3. Protocol-Aware Routing¶
The protocols module provides protocol-aware routing across heterogeneous agent networks. This example builds a protocol graph with agents supporting different protocols and finds the optimal route using Dijkstra's algorithm with protocol translation costs.
from agenticraft_foundation.protocols import (
ProtocolGraph, ProtocolAwareDijkstra,
PathCostCalculator, ProtocolCompatibilityMatrix,
PROTOCOL_COMPATIBILITY,
)
from agenticraft_foundation.types import ProtocolName
graph = ProtocolGraph()
graph.add_agent("gateway", ["routing"], {ProtocolName.MCP, ProtocolName.A2A})
graph.add_agent("analyzer", ["analysis"], {ProtocolName.MCP})
graph.add_agent("reporter", ["output"], {ProtocolName.MCP, ProtocolName.A2A})
graph.add_edge("gateway", "analyzer", {ProtocolName.MCP})
graph.add_edge("analyzer", "reporter", {ProtocolName.MCP})
compat = ProtocolCompatibilityMatrix(PROTOCOL_COMPATIBILITY)
calc = PathCostCalculator(graph, compat)
dijkstra = ProtocolAwareDijkstra(graph, compat, calc)
route = dijkstra.find_optimal_route("gateway", "reporter", ProtocolName.MCP)
print(f"Path: {route.path}, Cost: {route.total_cost:.2f}")
The ProtocolGraph models agents as nodes annotated with their supported protocols and capabilities. ProtocolCompatibilityMatrix encodes the cost of translating between protocols (e.g., MCP to A2A). ProtocolAwareDijkstra finds the lowest-cost path that respects protocol constraints, factoring in both hop distance and translation overhead.
4. Topology Spectral Analysis¶
The topology module provides spectral analysis of agent network topologies. This example builds a fully connected 5-agent network and computes its algebraic connectivity -- a measure of how resilient the network is to agent failures.

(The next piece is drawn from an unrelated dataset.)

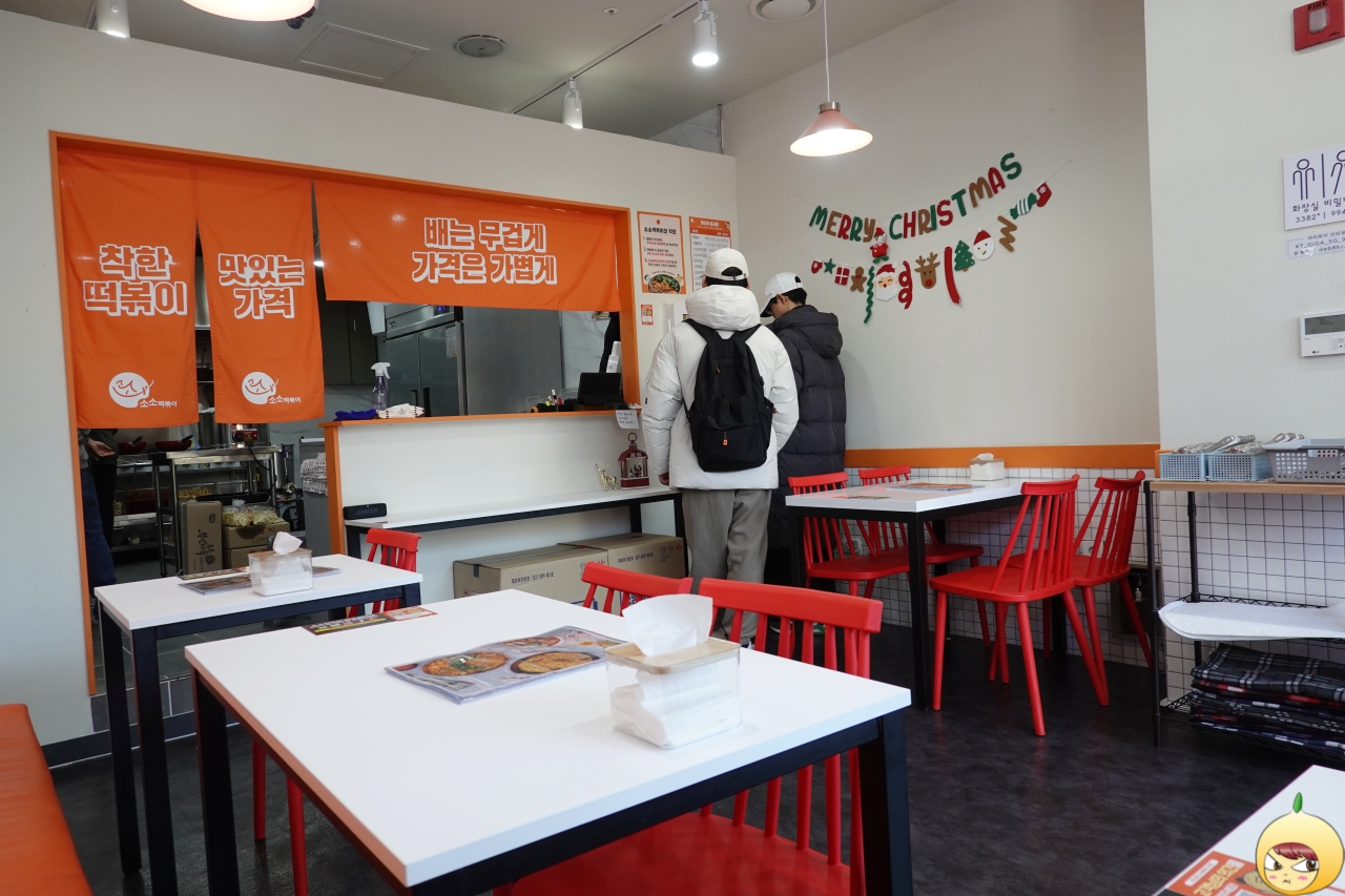 소소떡볶이 마포공덕점은 4인 테이블은 3개, 2인 테이블은 하나로 아담하다. 요런 곳은 방문보다는 배달에 더 집중을 할 테니, 매장을 크게 할 필요는 없을 거다. 포장만 되는 곳이라면 그림의 떡이었을 텐데, 그나마 먹을 수 있는 공간이 있어 참 다행이다. 왜냐하면, 배달앱을 사용하지 않는 1인이니깐.

from agenticraft_foundation.topology import NetworkGraph, LaplacianAnalysis
graph = NetworkGraph()
for i in range(5):
graph.add_node(f"agent_{i}")
for i in range(5):
for j in range(i + 1, 5):
graph.add_edge(f"agent_{i}", f"agent_{j}")
analysis = LaplacianAnalysis(graph)
print(f"Nodes: {analysis.num_nodes}")
print(f"Algebraic connectivity (lambda_2): {analysis.algebraic_connectivity:.4f}")
print(f"Consensus bound: {analysis.consensus_bound:.2f}")
The Laplacian matrix of a graph encodes its connectivity structure. Its second-smallest eigenvalue (\(\lambda_2\), the algebraic connectivity) quantifies how well-connected the network is: higher values mean faster consensus convergence and greater resilience to node removal. The consensus bound gives the theoretical upper limit on rounds needed for distributed agreement. A fully connected graph of 5 nodes has \(\lambda_2 = 5.0\) -- the maximum for that size.